Nederland is niet het enige land waarin het aantal verkeersdoden zich de laatste jaren minder gunstig ontwikkelt. Ook op EU-niveau lijkt er sprake te zijn van een stagnatie in de daling van het aantal verkeersdoden; het aantal verkeersdoden in de EU was in 2016 slechts 1% lager dan in 2013.3)
De minder gunstige ontwikkelingen in het aantal verkeersdoden en ernstig verkeersgewonden kunnen voor een heel klein gedeelte verklaard worden door een toename in mobiliteit. De mobiliteit4) is heel licht toegenomen de afgelopen tien jaar (+0,2% per jaar) en was in 2016 iets hoger dan de jaren ervoor.

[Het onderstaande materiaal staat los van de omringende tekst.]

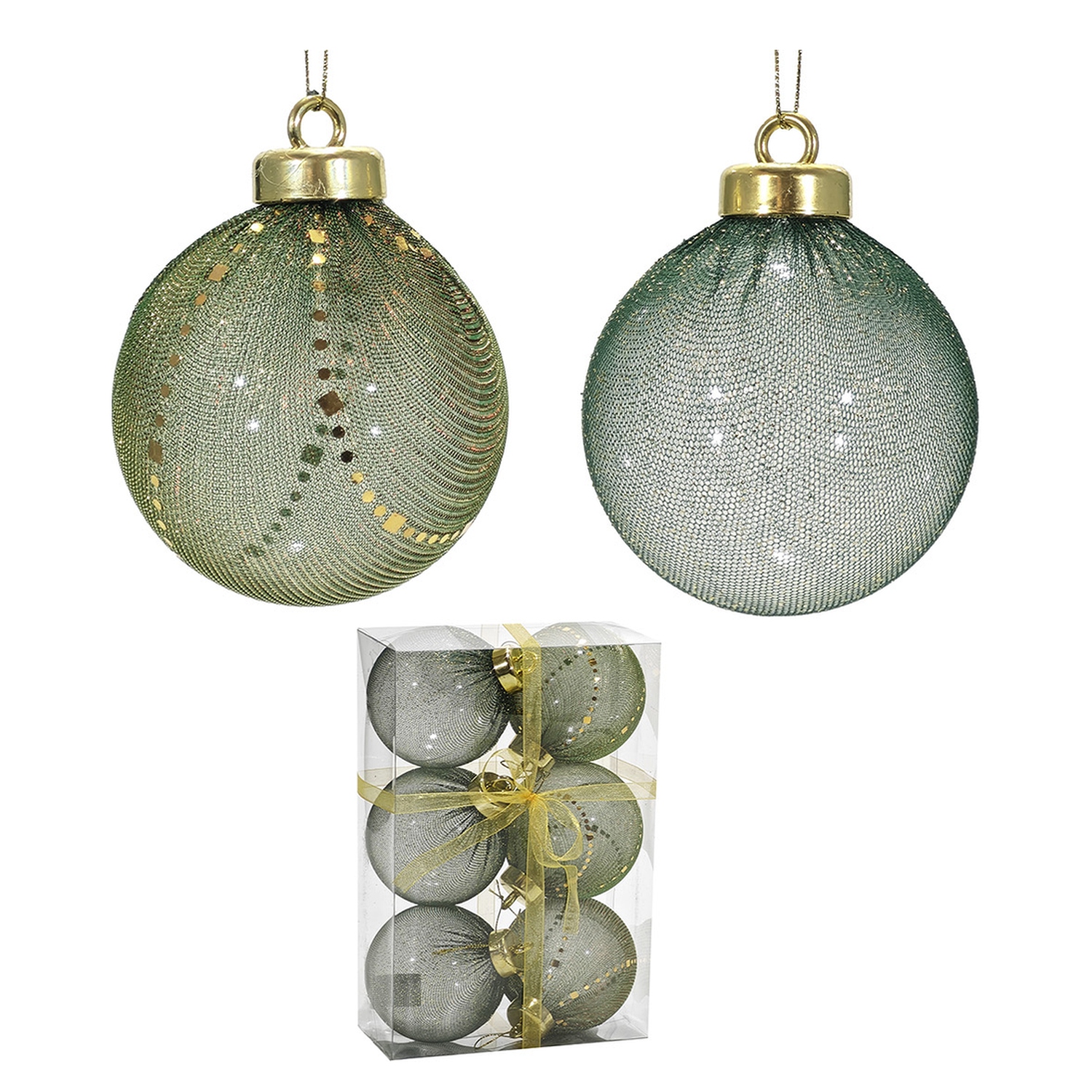 Προσθέστε μια φυσική και κομψή πινελιά στο χριστουγεννιάτικο δέντρο σας με αυτές τις μπάλες σε πράσινο χρώμα. Με διάμετρο 80mm, είναι διαθέσιμο σε έξι τεμάχια, διακοσμημένα με λεπτομέρειες που προσθέτουν λάμψη και κομψότητα. Ιδανικές για να ενισχύσουν τη διακόσμησή σας και να εντυπωσιάσουν τους καλεσμένους σας.
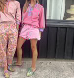 pied de poule rouge et blanc biais 🇫🇷 bouton rose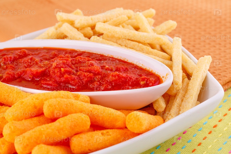 Картофельные и кукурузные чипсы с соусом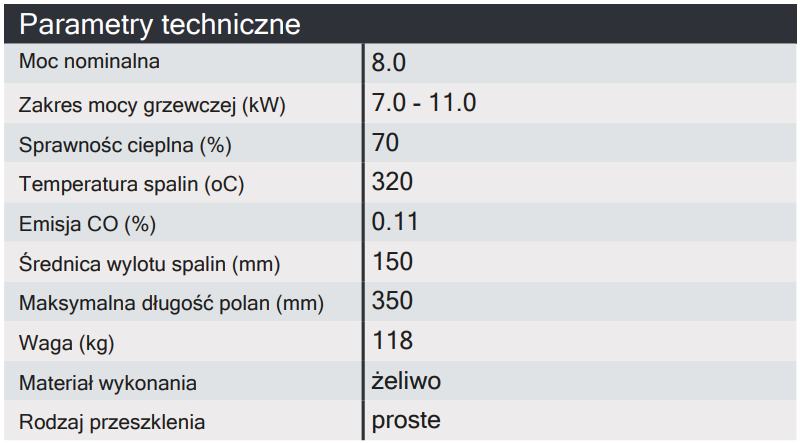 Ścianki paleniska wykonane z solidnego żeliwa o grubości 8 mm gwarantują długą trwałość oraz odporność na wysokie temperatury. Ozdobny płotek nie tylko podnosi walory estetyczne pieca, ale także zapewnia dodatkowe bezpieczeństwo, chroniąc przed przypadkowym wypadnięciem drewna.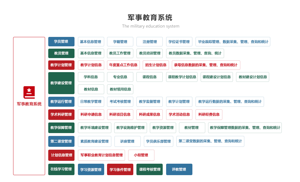 部隊管理系統 機關辦公系統 軍事教育系統 智慧政工系統 軍事訓練系統 后勤保障系統 智慧安防系統 裝備管理系統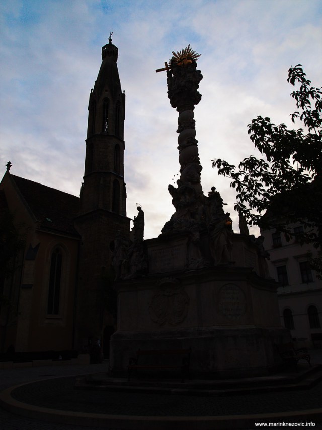 Slike Vatrogasnog tornja (12. st.),franjevačke “kozje”crkve (13. st.) i stupa Sv. Trojstva (18. st.).
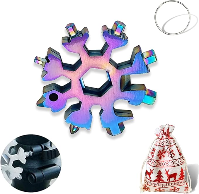 - ❄️【18-In-1 Snowflake Multi Tool Pocket Size 】The 18-In-1 Snowflake Multi-Purpose Tool Is Only 2.3 Ounces, Compact And Convenient, Does Not Take Up Space, And Is Easy To Carry And Use. Comes With a Ring. It Can Be Hung Or Backpack. The Ring Is Designed To Avoid The Possibility Of Loss. For Men, Dads, Colleagues, And Boyfriends, This Is a Cool And Valuable Holiday Gift.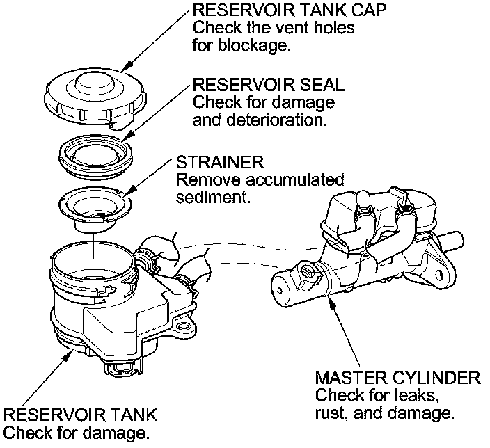 - Do not try to disassemble the master cylinder assembly. Replace the master cylinder assembly with a new part, if necessary.

Het overlijdensrisico is met gemiddeld 3,1% per jaar gedaald in de afgelopen tien jaar, maar ook het overlijdensrisico is de laatste paar jaren niet verder meer afgenomen. Het risico om ernstig gewond te raken is de laatste tien jaar met gemiddeld 2,3% per jaar toegenomen.
Naast de lichte toename in mobiliteit heeft ook de vergrijzing bijgedragen aan de minder gunstige ontwikkeling in het aantal verkeersslachtoffers. Ouderen hebben, mede als gevolg van de vergrijzing, een hoger aandeel gekregen in de totale mobiliteit. Ouderen zijn kwetsbaarder dan jongere verkeersdeelnemers en overlijden sneller aan hun verwondingen. Een toename van het aandeel van ouderen in de totale mobiliteit leidt, ceteris paribus, dus tot een toename in het aantal verkeersslachtoffers.
4. Aandachtsgroepen volgend uit nadere analyse doden en ernstig verkeersgewonden
4.1. Fietsers bij ongevallen zonder motorvoertuigen
Ongeveer een derde van de verkeersdoden is een fietser (afbeelding 1, boven). In tegenstelling tot de meeste andere vervoerswijzen is het aantal verkeersdoden onder fietsers de laatste tien jaar niet duidelijk afgenomen. Het aantal ernstig verkeersgewonden onder fietsers kan vanaf 2010 niet goed worden bepaald door een gebrek aan betrouwbare gegevens. Wel blijkt dat het aandeel fietsers van alle in het ziekenhuis geregistreerde ernstig verkeersgewonden de laatste jaren is toegenomen. In 2016 was 64% van alle in het ziekenhuis geregistreerde ernstig verkeersgewonden een fietser (afbeelding 1, onder).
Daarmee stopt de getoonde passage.